Publication information
- Publisher: Marvel UK
- First appearance: Warheads #1 (June 1992)
- Created by: John Freeman Nick Vince Gary Erskine John Beeston

In-story information
- Owner(s): Algernon Crowe Bronwen Gryffn Ranulph Haldane Eadmund Porlock Brendan Rathcoole Gudrun Tyburn Ormond Wychwood
- Employee(s): Warheads

= MyS-TECH =

Fictional comic book organization

MyS-TECH (or Mys-Tech (Note: In its original appearances in comics published by Marvel UK, the organization's name was spelled and trademarked as "MyS-TECH". Later publications by Marvel Comics spell its name as "Mys-Tech".)) is a fictional technology company appearing in British comic books published by Marvel UK and American comic books published by Marvel Comics. It is usually depicted as a shadowy Faustian organization. It first appeared in Warheads #1 (June 1992) and was created by John Freeman, Nick Vince, Gary Erskine, and John Beeston.

==Fictional origins==
The board of MyS-TECH, a multinational corporation, was originally seven mages who in 987 sold their souls to the demon Mephisto in exchange for immortality. The MyS-TECH board members must provide a steady stream of souls to Mephisto to maintain their immortality and contracts with Mephisto. Over the years, the board accumulated power and wealth and in the modern age this power and wealth became a business empire.

==Board members==
The seven mages who became the board of MyS-TECH were:
- Algernon Crowe
- Bronwen Gryffn
- Ranulph Haldane
- Eadmund Porlock
- Brendan Rathcoole
- Gudrun Tyburn
- Ormond Wychwood

==Headquarters==
MyS-TECH operated as a respectable business but hidden beneath one of their front organizations, the Museum of Pagan Antiquities at Canary Wharf in London, was a sprawling underground headquarters. These headquarters were used to house the arcane magical technologies the board used to increase their power and keep the supply of souls flowing to Mephisto. Chief amongst these was Un-Earth, a macabre microcosm of the planet used in a similar fashion to a voodoo doll. The headquarters also housed extensive biotech labs. It was in one of these labs that the genetically engineered assassin named Julius Mullarkey, also known as Killpower, was created by MyS-TECH scientist Oonagh Mullarkey. The headquarters were also the base for the Warheads, MyS-TECH's mercenaries who travel through wormholes collecting sophisticated technology for their masters.

==Enemies==
MyS-TECH featured as villains in many of the titles launched by Marvel UK during their 1990s expansion into the United States. The characters featured in these titles included Dark Angel (previously known as Hell's Angel), Death's Head, the partners Motormouth and Killpower, and the Knights of Pendragon. The Warheads Kether Troop also later went on to rebel against their masters.

The scarred cyborg Badhand has confronted MyS-TECH forces multiple times. Notably, he has spied on the Warheads, allied himself with Nick Fury, and assisted Cable with a theft from MyS-Tech's vaults.

MyS-TECH also came up against other Marvel Comics characters such as the X-Men, although they never appeared outside of the Marvel UK imprint.

==MyS-TECH Wars==
In the mini-series MyS-TECH Wars (1993) by Dan Abnett and Bryan Hitch, their forces fought most of the Marvel Universe's assembled heroes. In the resulting demonic invasion, many of Earth's heroes (including a majority of the Avengers, Fantastic Four, X-Men, Spider-Man, Ghost Rider, and Nick Fury) were killed. However, due to the surviving heroes' efforts, the entire event was erased from history. As such, only a few, such as Doctor Strange, Professor X, and Motormouth, remember what happened.
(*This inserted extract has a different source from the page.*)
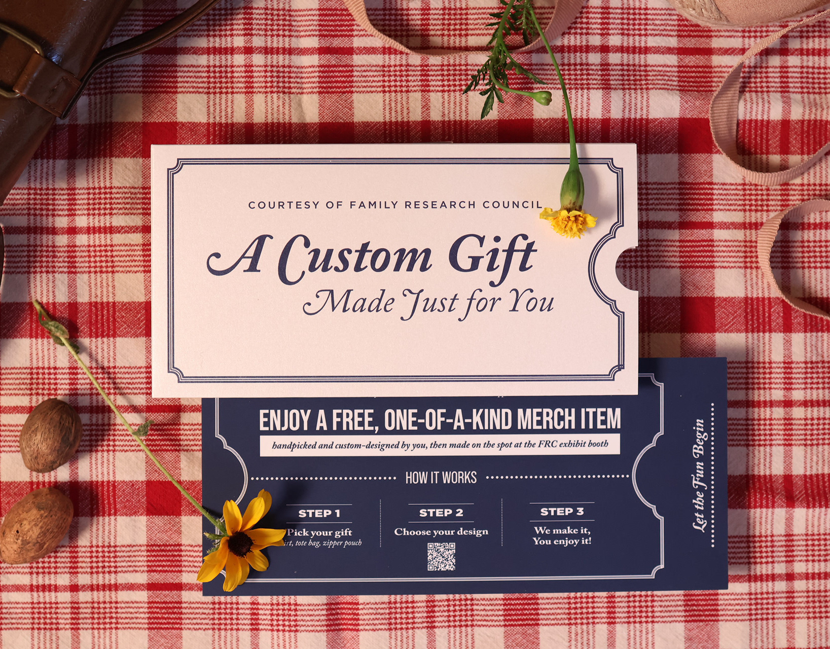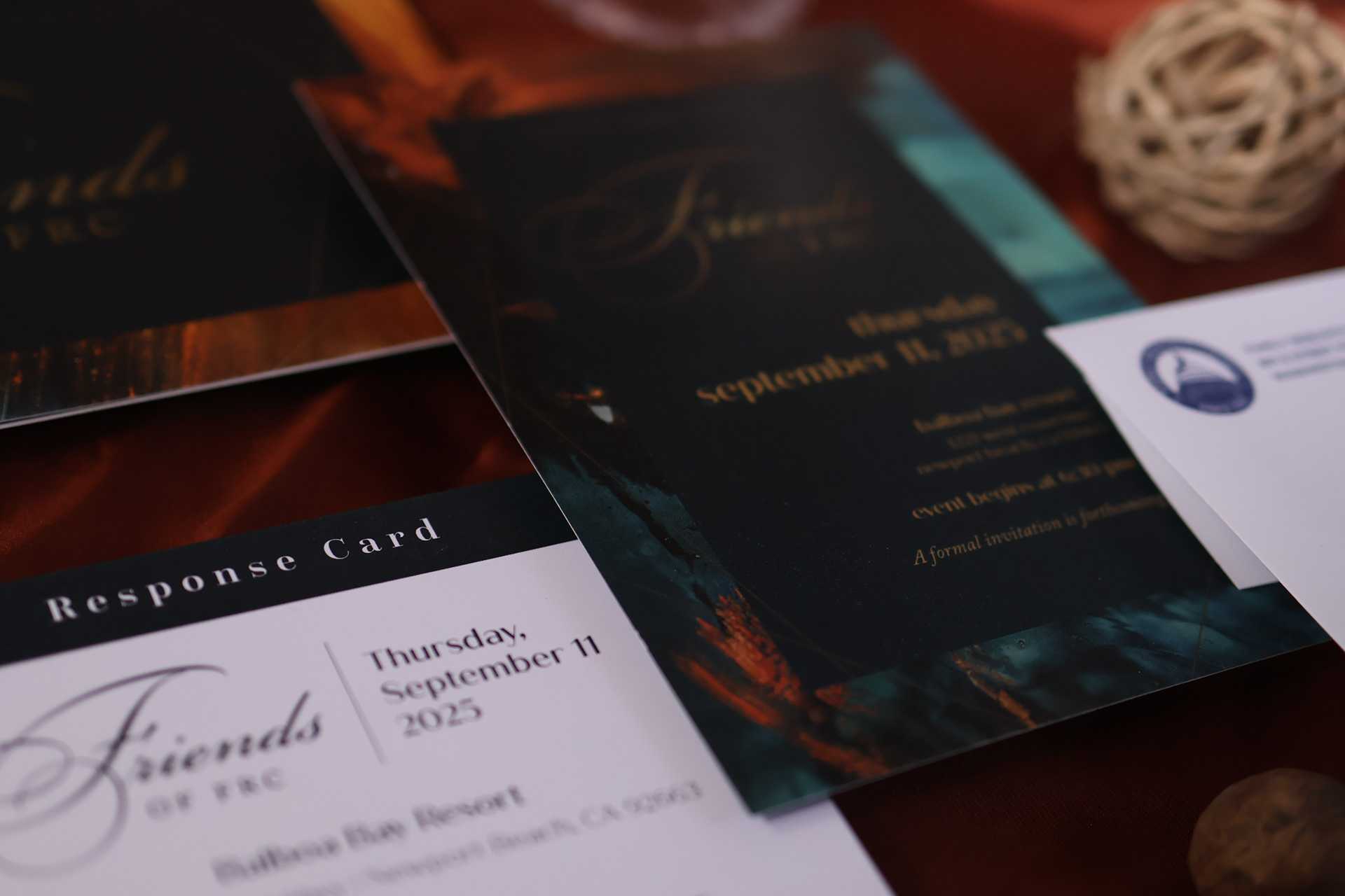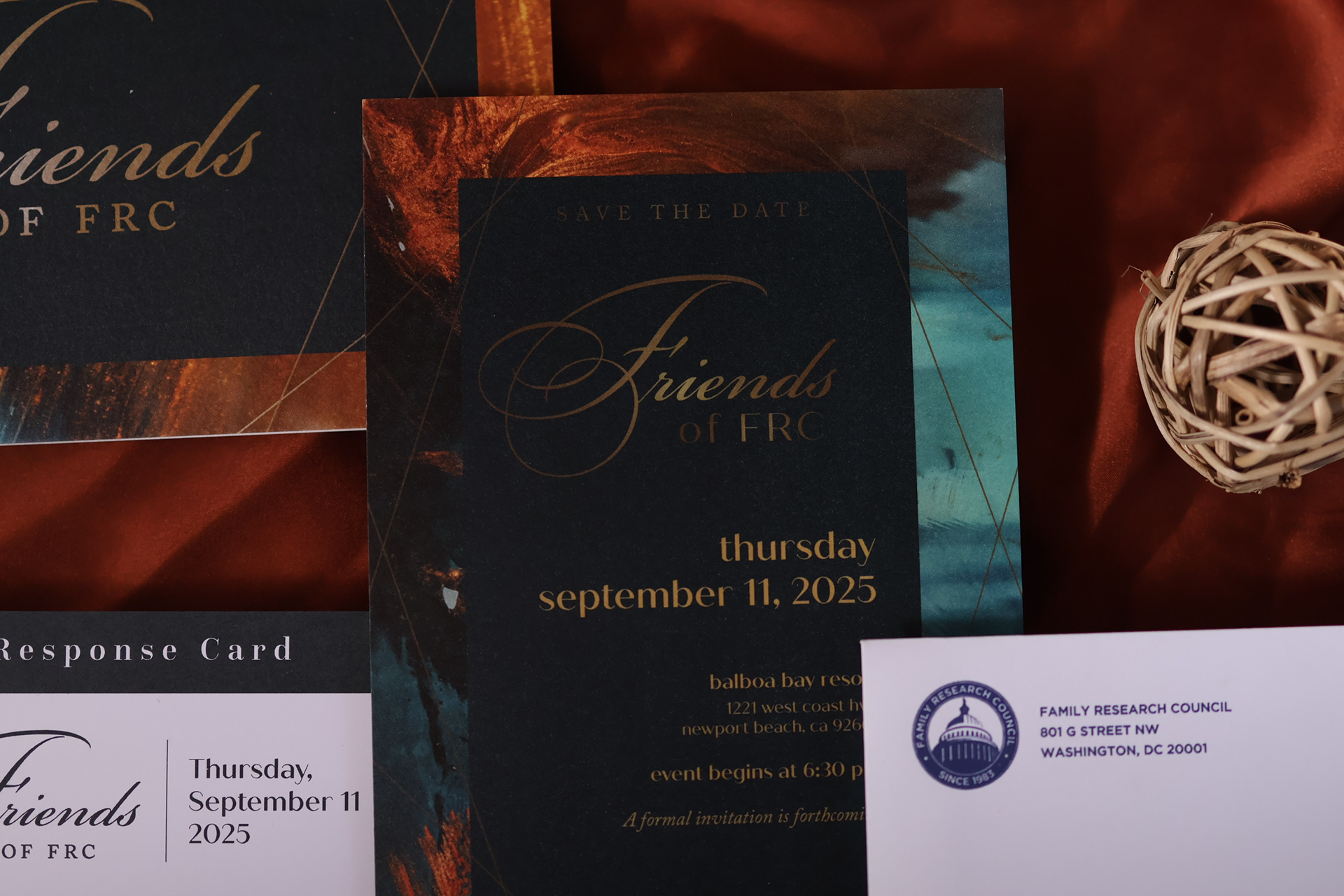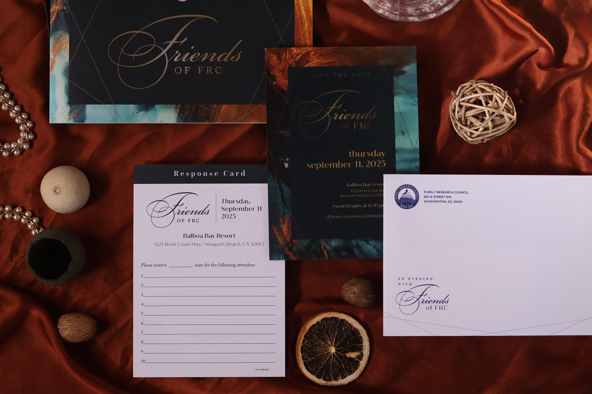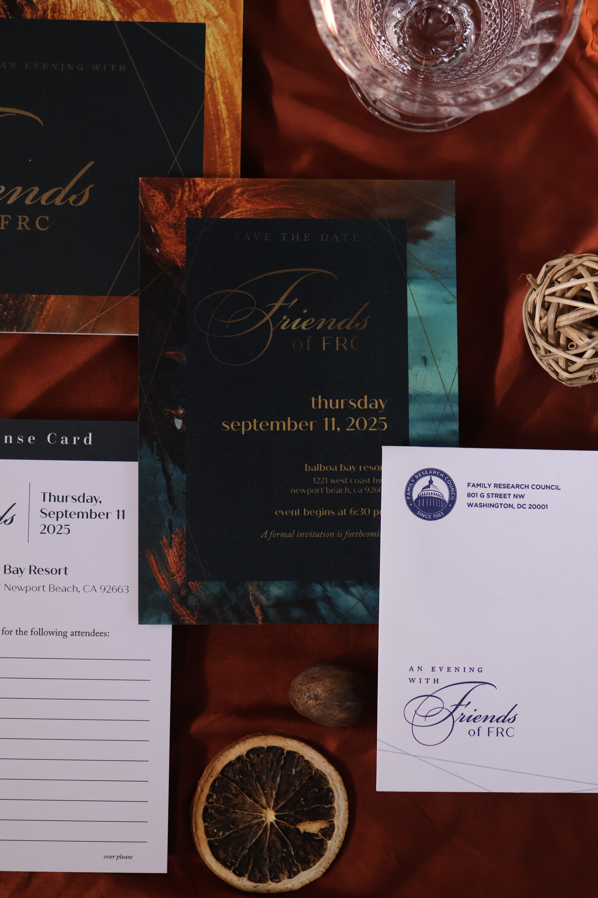 Upscale gala invitation set, complete with RSVP card, program and invite, and corresponding envelopes. This set was printed on pearlescent beargrass paper and metallic gold ink for Family Research Council's 2025 annual banquet hosted in Orange County, California.

In a later attempt to destroy all superheroes, the board transform themselves into younger versions. In the same issue, they cause the formation of the Anti-Being, a psychic being that is the result of their centuries of malice. They try to team up in a bid to dominate all reality but lose the being to Death's Head.

Finally, they attempt to get out of their contract with Mephisto by sending all of Britain to Hell. The country's heroes fought them back at the Battle of London Bridge (later covered up) and took the Museum of Pagan Antiquities, sending the board to Hell instead and leaving the group seemingly gone for good. S.H.I.E.L.D. stepped in to handle the clean-up, keeping MI-13 out of the loop so they could hoard the technology for themselves.

Years later, various MyS-TECH bases became active again and it was believed the group was returning; it turned out instead to be Killpower leading a second demonic invasion, all an elaborate move by Mephisto to end all his MyS-TECH contracts and return all the energies he had tied up in abandoned bases and weaponry.